Universal main magnetic focus ion source: A new tool for laboratory research of astrophysics and Tokamak microplasma

TL;DR

This paper introduces a new room-temperature ion source capable of producing atomic ions across a wide energy range, useful for laboratory astrophysics and Tokamak microplasma research, with significantly improved efficiency over existing sources.

Contribution

The development of a versatile main magnetic focus ion source that operates at room temperature and surpasses existing EBITs in efficiency for laboratory astrophysics applications.

Findings

Achieved electron beam current density of ~20 kA/cm² at 10 keV.

Demonstrated electron density of ~10^{14} cm^{-3} at 60 keV.
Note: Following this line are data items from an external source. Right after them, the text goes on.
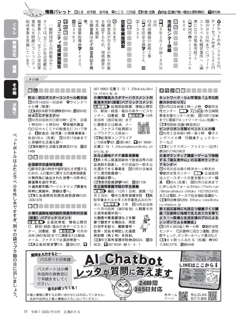 くらし 広報おたる 2025年10月号 P.17 17/20 前の記事 次の記事 発行日 : 2025年10月01日 自治体名 : 北海道小樽市 広報紙名 : 広報おたる 2025年10月号 Tweet シェアする 広報おたる 2025年10月号 P.16 広報おたる 2025年10月号 P.18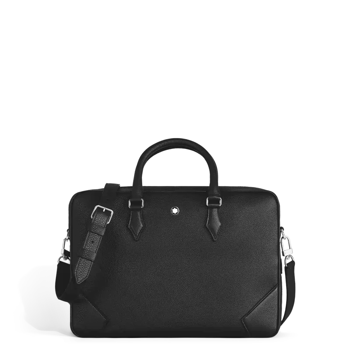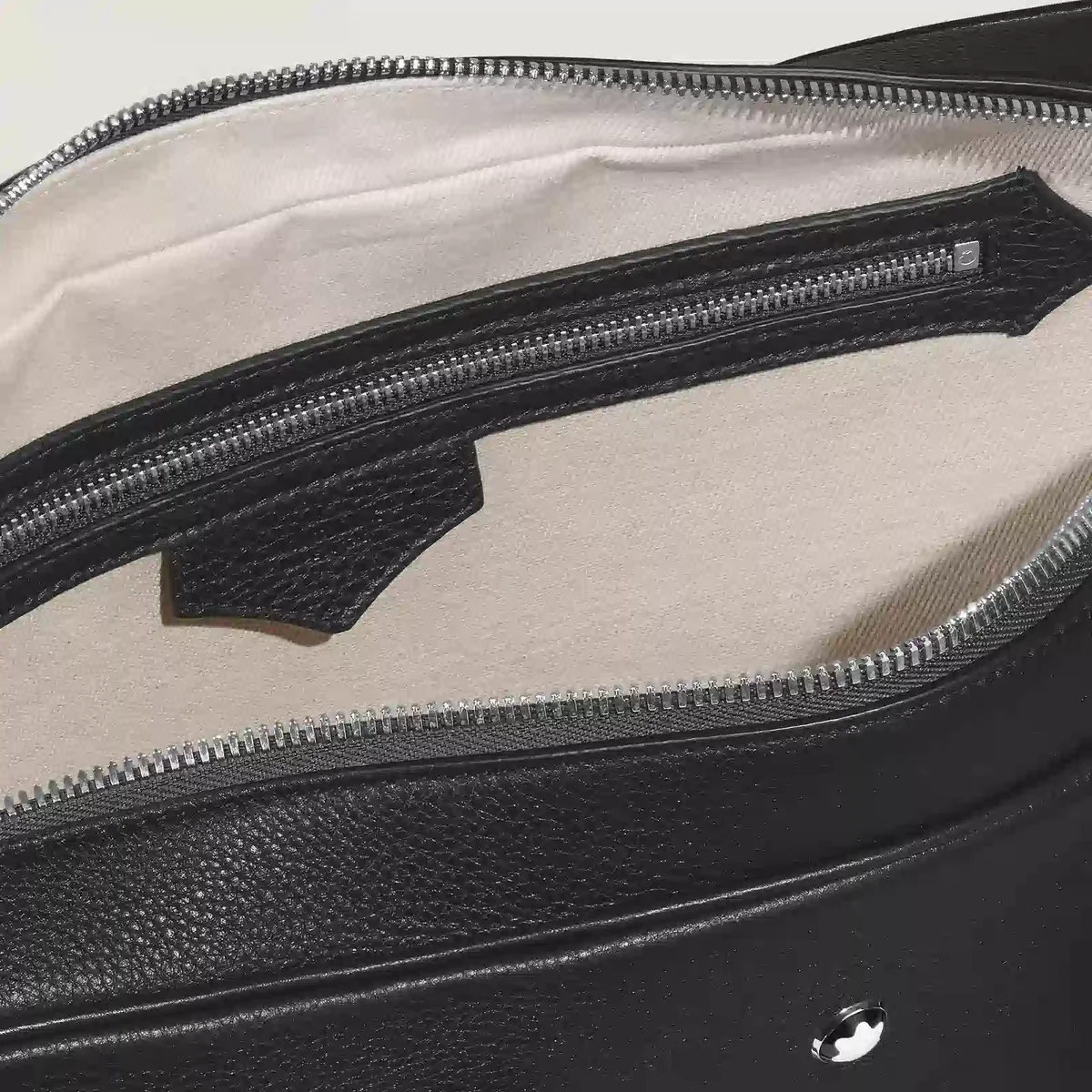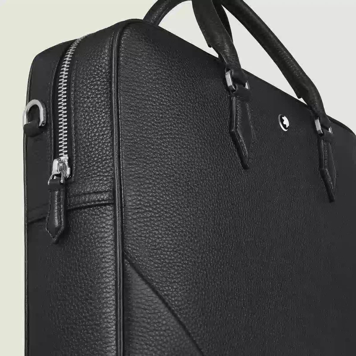 Această elegantă servietă pentru documente este confecționată din piele neagră moale și elegantă. Detaliile sale în formă de peniță, precum cusăturile, fermoarele și mânerele, sunt inspirate din cultura scrisului. O curea detașabilă și un sistem satelit permit diferite opțiuni de transport, în timp ce buzunarele interne facilitează organizarea în timpul călătoriilor de afaceri.
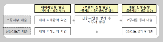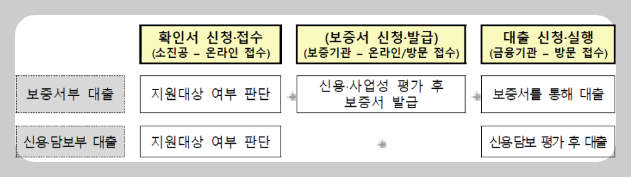 - 신용보증서 : 보증기관(지역신용보증재단, 신용보증기금, 기술보증기금)에서 보증평가 후 보증서를 발급받아, 보증서를 담보로 금융기관에서 대출진행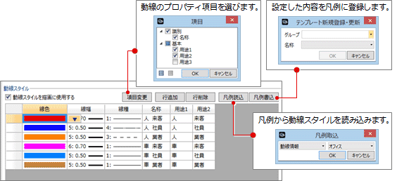 - 動線スタイルに設定した「名称」「用途1」などの項目を動線のプロパティで入力することで、各動線の線色・線幅・線種が有効になります。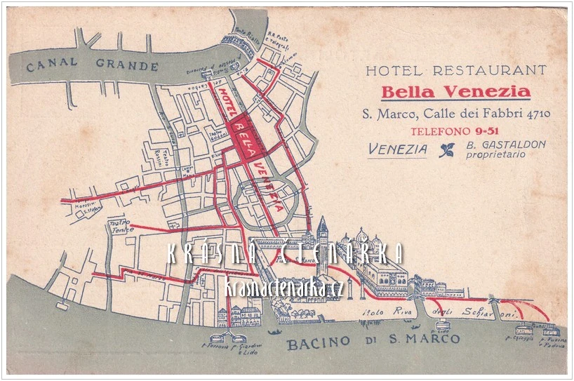 REKLAMNÍ pohlednice: Hotel restaurant BELLA VENEZIA, Venezia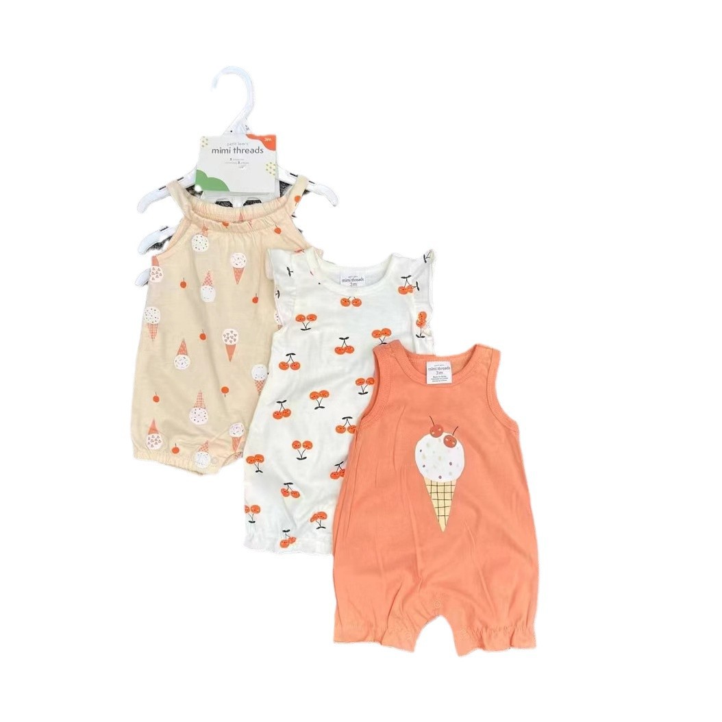 外贸批发新生儿女宝宝平角哈衣套装PL    baby girl short sleeve

Significantly higher efficiency compared to existing EBITs.

Abstract

A novel room-temperature ion source for the production of atomic ions in electron beam within wide ranges of electron energy and current density is developed. The device can operate both as conventional Electron Beam Ion Source/Trap (EBIS/T) and novel Main Magnetic Focus Ion Source. The ion source is suitable for generation of the low-, medium- and high-density microplasma in steady state, which can be employed for investigation of a wide range of physical problems in ordinary university laboratory, in particular, for microplasma simulations relevant to astrophysics and ITER reactor. For the electron beam characterized by the incident energy $E_e = 10$ keV, the current density $j_e \sim 20$ kA/cm$^2$ and the number density $n_e \sim 2 \times 10^{13}$ cm$^{-3}$ were achieved experimentally. For $E_e \sim 60$ keV, the value of electron number density $n_e \sim 10^{14}$ cm$^{-3}$ is feasible. The efficiency of the novel ion source for laboratory astrophysics significantly exceeds that of other existing warm and superconducting EBITs. A problem of the K-shell electron ionization of heavy and superheavy elements is also discussed.